> **Task description**: Wherever a picture appears in the listing below, leave it out and reproduce the rest exactly.

> **Given information**:
──────

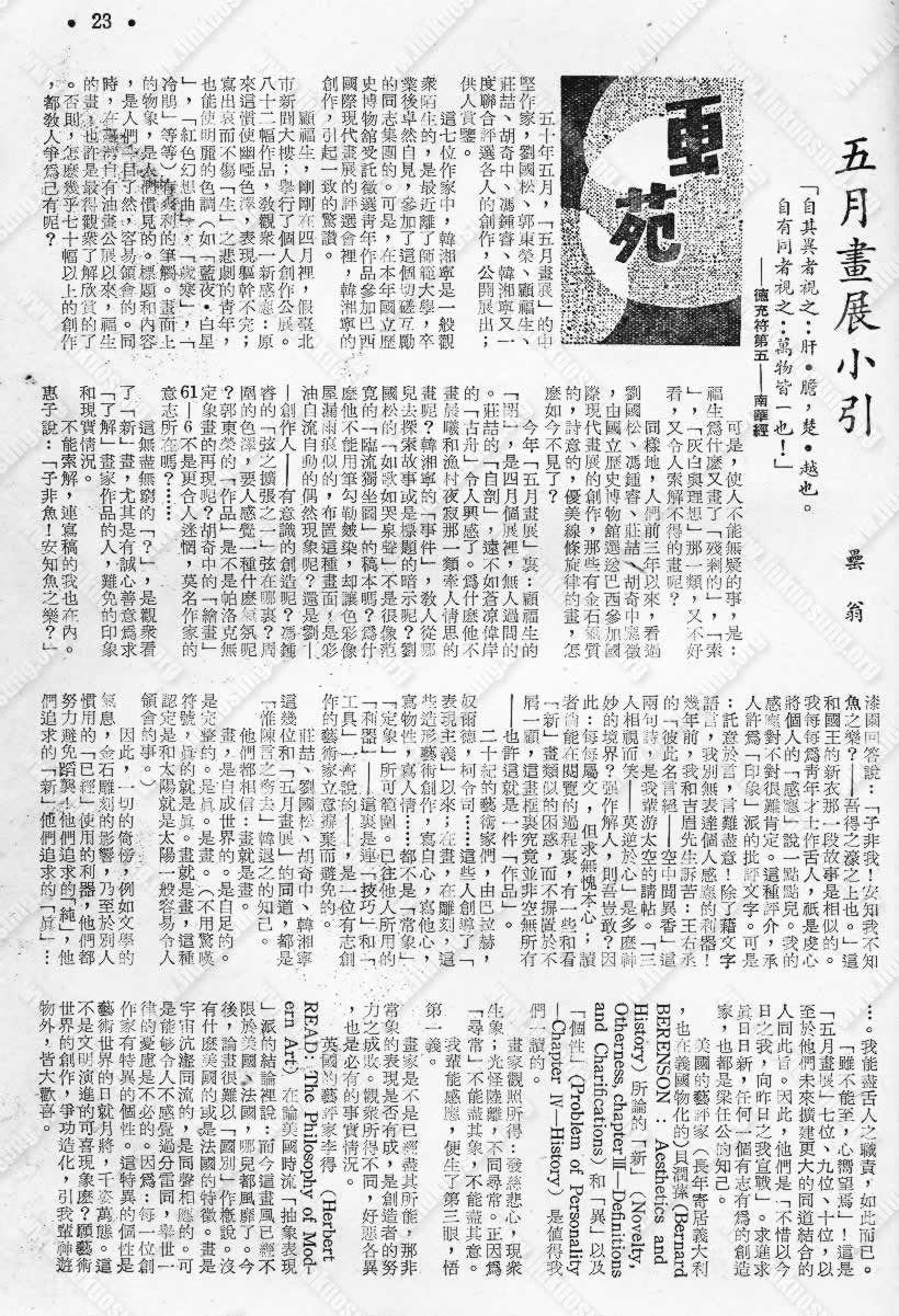 今年「五月畫展」裏:顧福生的「閉」,是四月個展裡,無人過問的。莊喆的「自剖」,遠不如蒼涼偉岸的「古舟」令人興感了。為什麼他不畫晨曦和漁村夜寂那一類牽人情思的畫呢?韓湘寧的「事件」,教人從哪兒去探索故事或是標題的暗示呢?劉國松的「如歌如哭泉聲」不是很像範寬的「臨流獨坐圖」的稿本嗎?為什麼他不能用筆勾勒皴染,卻讓色彩像屋漏雨痕似的,佈置這種畫面,是彩油自流自動的偶然現象呢?還是劉─創作人─有意識的創造呢?馮鍾睿的「弦之擴張之一」弦在哪裡?周圍的色澤,要人感覺一種什麼氣氛呢?郭東榮的「作品」是不是帕洛克無定象畫的再現呢?胡奇中的「繪畫」61-6不是更和人迷網,莫名作家的意志所在嗎?……
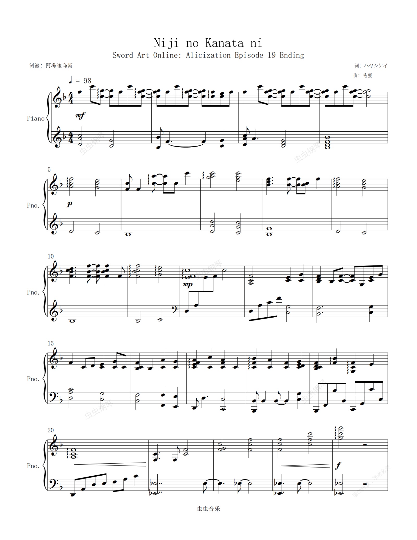 钢琴谱:刀剑神域 ED < 虹の彼方に > Niji no Kanata ni 原调高还原完整版本
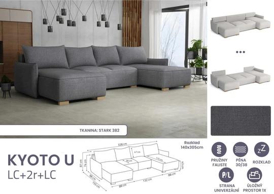 KYOTO U rozkládací sedací souprava ve tvaru U s úložným prostorem
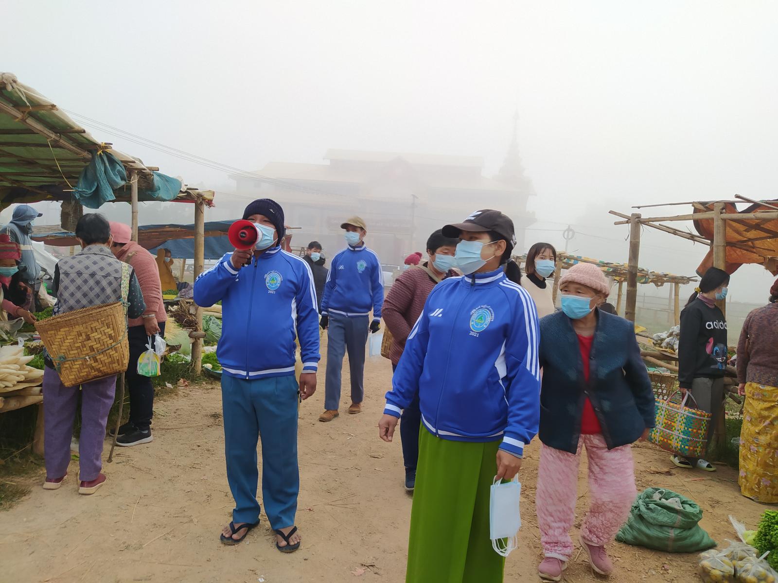 Mask Campaign ပြုလုပ်ရာသို့ မြို့နယ်စည်ပင်သာယာရေးဌာနမှ ဒုတိယဦးစီးမှူး ဒေါ်ခင်သီသီထွန်း ဦးဆောင်၍ ၀န်ထမ်းများလိုက်ပါလျက် ပျံကျစျေးအတွင်းတွင် သားငါး၊ ကုန်ခြေက်၊ ကုန်စိမ်းရောင်းချသူများထံမှ ကိုဗစ်-၁၉ ရောဂါ ကူးစက်မှုမခံရစေရေးအတွက် Mask တပ်ဆင်ထားခြင်းမရှိသည့် စျေးသည်များထံမှ စျေး၀ယ်ယူခြင်းမပြုစေရေး အသိပညာ ပေးခြင်း လုပ်ငန်းများ၊ Mask Campaign များကို အခမဲ့ဖြန့်ဝေပေးခြင်း လုပ်ငန်းများနှင့် ကျန်းမာရေးနှင့် အားကစား၀န်ကြီးဌာနမှ ထုတ်ပြန်ထားသော ကျန်းမာရေးဆိုင်ရာညွှန်ကြားချက်များကို လိုက်နာဆောင်ရွက်ကြစေရေးအတွက် အသိပညာပေးခြင်း လုပ်ငန်းများကို ကွင်းဆင်းဆောင်ရွက်ခဲ့ကြကြောင်း သိရသည်။

──────

> **Solution for this problem**:
 今年「五月畫展」裏:顧福生的「閉」,是四月個展裡,無人過問的。莊喆的「自剖」,遠不如蒼涼偉岸的「古舟」令人興感了。為什麼他不畫晨曦和漁村夜寂那一類牽人情思的畫呢?韓湘寧的「事件」,教人從哪兒去探索故事或是標題的暗示呢?劉國松的「如歌如哭泉聲」不是很像範寬的「臨流獨坐圖」的稿本嗎?為什麼他不能用筆勾勒皴染,卻讓色彩像屋漏雨痕似的,佈置這種畫面,是彩油自流自動的偶然現象呢?還是劉─創作人─有意識的創造呢?馮鍾睿的「弦之擴張之一」弦在哪裡?周圍的色澤,要人感覺一種什麼氣氛呢?郭東榮的「作品」是不是帕洛克無定象畫的再現呢?胡奇中的「繪畫」61-6不是更和人迷網,莫名作家的意志所在嗎?……
 钢琴谱:刀剑神域 ED < 虹の彼方に > Niji no Kanata ni 原调高还原完整版本
 KYOTO U rozkládací sedací souprava ve tvaru U s úložným prostorem
 Mask Campaign ပြုလုပ်ရာသို့ မြို့နယ်စည်ပင်သာယာရေးဌာနမှ ဒုတိယဦးစီးမှူး ဒေါ်ခင်သီသီထွန်း ဦးဆောင်၍ ၀န်ထမ်းများလိုက်ပါလျက် ပျံကျစျေးအတွင်းတွင် သားငါး၊ ကုန်ခြေက်၊ ကုန်စိမ်းရောင်းချသူများထံမှ ကိုဗစ်-၁၉ ရောဂါ ကူးစက်မှုမခံရစေရေးအတွက် Mask တပ်ဆင်ထားခြင်းမရှိသည့် စျေးသည်များထံမှ စျေး၀ယ်ယူခြင်းမပြုစေရေး အသိပညာ ပေးခြင်း လုပ်ငန်းများ၊ Mask Campaign များကို အခမဲ့ဖြန့်ဝေပေးခြင်း လုပ်ငန်းများနှင့် ကျန်းမာရေးနှင့် အားကစား၀န်ကြီးဌာနမှ ထုတ်ပြန်ထားသော ကျန်းမာရေးဆိုင်ရာညွှန်ကြားချက်များကို လိုက်နာဆောင်ရွက်ကြစေရေးအတွက် အသိပညာပေးခြင်း လုပ်ငန်းများကို ကွင်းဆင်းဆောင်ရွက်ခဲ့ကြကြောင်း သိရသည်။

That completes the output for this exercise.